Today was the last day we knew we could depend on a doctor present in our operations. Asimo goes back in Athens early tomorrow, to her regular job. For the days she was with us, overworked and exhausted, her presence was crucial, I wish we had more people like her with us. The UNHCR/Stage-2 camp above the village, managed by the NGO ‘Faros’, had yet to get a doctor during those early days of October, despite all that salaried staff and the significant financial resources such NGOs commanded (significant with respect to the all-volunteer, self-organized effort like the one I joined that is). Alexandros’ words during our drive to Sykaminia came back to my mind. Still, despite its woeful under-preparation at that time, Stage-2 was critical as the place where refugees would gather and where the large buses (supplied by the city of Mytilene, later rented by UNHCR on a regular basis) would come to pick them up.
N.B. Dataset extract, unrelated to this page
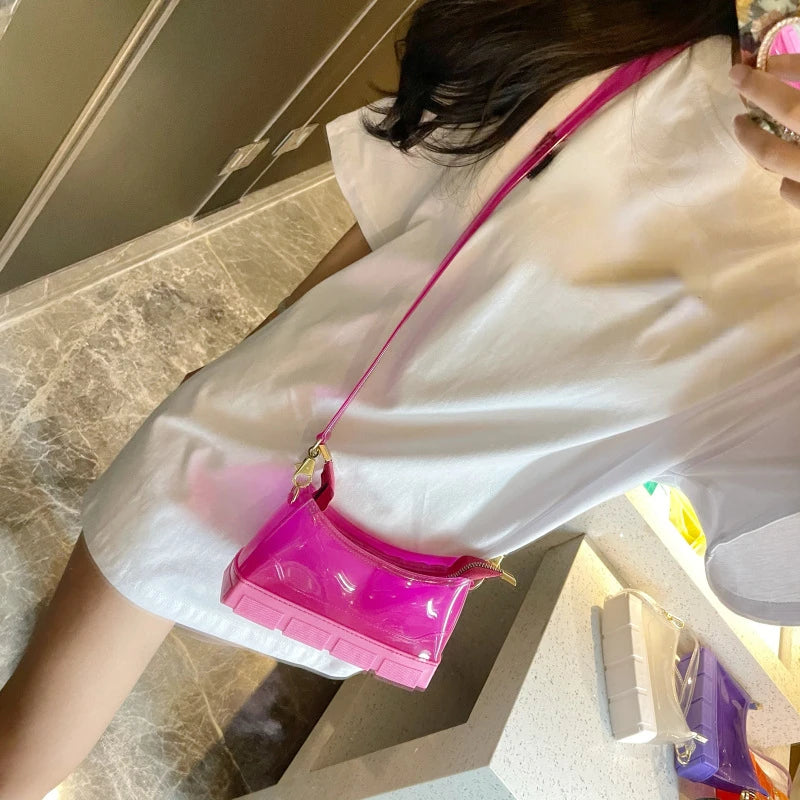 This women's PVC purse and handbag is stylish, versatile, and perfect for daily use. The jelly material adds a unique touch to your outfit.

They would then be taken to the refugee identification/classification centers of Moria or Karatepe[1]. Finally, Stage-2 had a large capacity to shelter people from the elements, which our much smaller operation base on the coast could not deploy.
Later that day we learned that the other remaining boat drifted all the way to Molyvos and its port, where the locals helped the people ashore. There was no news about what happened to the one that we saw heading East towards the cape of ‘Korakas’. Five more refugee boats arrived that day, before the lull which we expected, the one to to last until late afternoon finally came.